BY KURT PETERMEYER

OPINION —

In August 2021, Layton Ellison and Eli Babb headed to work like they did many times before. After a storm knocked out power in Adger, a power transmission restoration company assigned the two 19-year-old electrical apprentices to help restore power. As they worked on a downed power line, both suffered fatal electrocutions.

An investigation later found that, had their employer ensured required safety precautions for electrical work were in place, Ellison and Babb would have returned home at the end of their workday.

Each year, thousands of workers of all ages die needlessly — leaving families, friends and communities to grieve — when required safety and health standards are ignored. In 2020, about 5,000 workers died in the U.S. in work-related deaths, including many who fell victim to workplace exposure to COVID-19. Tens of thousands more die of work-related diseases.

On average, 13 workers die each day in the U.S. In Alabama alone, 85 workers lost their lives in 2020.

The wounds suffered by those left behind are deepened by the reality that most, if not all, of these workplace deaths were avoidable – if only employers had established and ensured that appropriate safety precautions are followed.

Each year, on April 28 on Workers Memorial Day, the U.S. Department of Labor’s Occupational Safety and Health Administration and workplace safety advocates across the nation remember those whose lives ended because of the work they did.

The COVID-19 pandemic made going to work riskier than ever before, particularly in industries where people — often low-wage workers, many of whom are women and people of color — performed essential work to protect us and ensure our well-being. Those in industries such as healthcare, meatpacking, public transportation, retail, and food service risked —  and many lost — their lives to provide critical services to others and to support themselves and their families.

This day allows us to mourn the loss of these workers and how their absence affects those who shared their lives. They were our family members, our friends, our co-workers and our neighbors. We are diminished by their deaths.

Workers Memorial Day reminds us that, like life, workplace safety and health must never be taken for granted. These tragedies and the causes should inspire us all to demand that workplace safety is a fundamental right and must never be an afterthought.

We must strive to ensure safety and health standards are in place and that they are understood and followed by employers and workers alike. Workers have the right to safe and healthful workplaces, and employers have the legal obligation to ensure that they provide them.

OSHA professionals work every day to assist employers across the nation in their efforts to provide a safe and healthful workplace. Our compliance assistance outreach helps businesses employing more than 1.3 million U.S. workers nationwide to prevent workplace injuries and illnesses. Through strategic alliances with large employers, trade associations, organized labor and our Voluntary Protection Programs, we help to empower businesses to employ customized safety and health approaches and make meaningful and substantial improvements.

As of March 22, 2022, there were 31 Voluntary Protection Program participants in Alabama. Injury and illness data collected at VPP sites shows that — on average – injury and illness rates at these locations are about 50 percent or lower than the national averages for their industries.

At the national level, OSHA maintains federal standards for workplace safety, including specific regulations based upon common industry risks and workplace hazards. In response to the pandemic, the agency implemented temporary standards to protect the most vulnerable workers and worked with specific industries to combat the spread of the virus.

Currently, OSHA is developing an infectious disease standard that will protect workers from airborne infectious diseases, as well other viruses that exist today and those we may face.

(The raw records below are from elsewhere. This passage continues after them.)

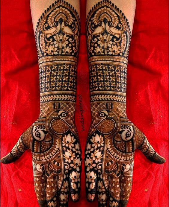 Peacock motifs in mehndi designs represent grace, beauty, and pride. Brides often opt for peacock-themed mehndi patterns to symbolize their own regal presence on their wedding day. These designs typically feature a majestic peacock with its feathers displayed in all their glory.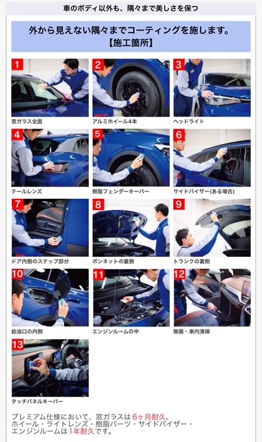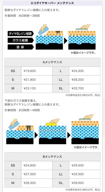 ④メンテナンス・再施工したほうがいい…基本1,3年ノーメンテナンスとなりますがメンテナンスをすることで3年の持続が5年の持続となり長期にお車のキレイを維持します。お客様ご自身でメンテナンスをお選びいただけます。またフレッシュキーパー・クリスタルキーパーは1年目以降リフレッシュ施工となり施工金額から3,000円引きで施工できます。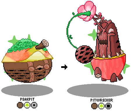 Interesting Facts: Peakpit is mostly a lump and rarely moves, leading it to accumulate dirt and flora. Once integrated into its environment it releases a tantalizing peach smell from its fleshy cap, driving people wild when they can’t find any peach trees. As Pitwrecker they waddle around demolishing mountainsides, making good divots for Peakpits to bury themselves in.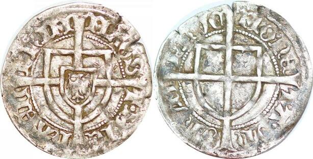 P1202 Scarce Poland Teutonic Order Johann von Tiefen 1489-1497 grosz Klippe XF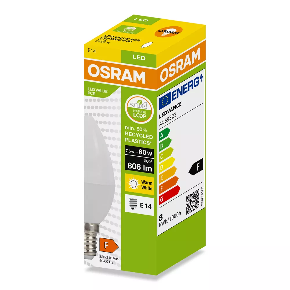 Lampy LED w kształcie klasycznej żarówki CLASSIC B wykonane z przetworzonego plastiku. Cechy produktu: Profesjonalne lampy dla napięcia sieciowego. Brak możliwości regulacji strumienia świetlnego. Użyto co najmniej 50% plastiku pochodzącego z recyklingu (w stosunku do całkowitej masy plastiku). Trwałość do 15 000 h. Dobra jakość światła, wskaźnik oddawania barw Ra: ≥ 80; stała chromatyczność. Zalety produktu: Niższe zużycie energii w porównaniu do lamp żarowych lub halogenowych. Prosty w użyciu zamiennik żarówek klasycznych dzięki kompaktowej konstrukcji. Natychmiast 100 % światła, bez czasu nagrzewania. Wykonana z tworzyw sztucznych pochodzących z recyklingu lampa przyczynia się do ograniczenia emisji CO2 i ilości odpadów składowanych na wysypiskach. Obszary zastosowań: Zastosowania domowe. Oświetlenie ogólne. Do użytku na zewnątrz tylko w odpowiednich oprawach zewnętrznych. Porady dotyczące bezpieczeństwa: Nie dotykaj lampy, jeśli jest stłuczona.. Nie wolno używać, jeśli zewnętrzne źródło światła jest uszkodzone..

Workers are the backbone of our national economy. In the last two years, we learned how America’s society and culture depend on people who go to work and how we should never take for granted those willing to work at difficult and, sometimes dangerous, jobs. We at OSHA know we must do more to ensure we help protect every worker and listen to their concerns for safety, regardless of skin color, language spoken, citizenship status, gender or age.

We must do more to compel our nation’s employers to commit themselves to protect their workers’ safety and health, no matter the cost. And we must hold those employers who choose profit over people’s safety accountable for their inactions to the fullest extent the law allows.

As we mark another Workers Memorial Day, remember that no worker should ever have to risk their life in exchange for their paycheck. Also remember that each of us has a role to play in making the workplace safe. We owe Layton Ellison and Eli Babb, and the tens of thousands of others we honor today, at least that much.

Kurt A. Petermeyer is the Regional Administrator for the Southeast Region of the U.S. Department of Labor’s Occupational Safety and Health Administration. He has been supporting the advancement of worker safety and health and worker rights in OSHA since 1996.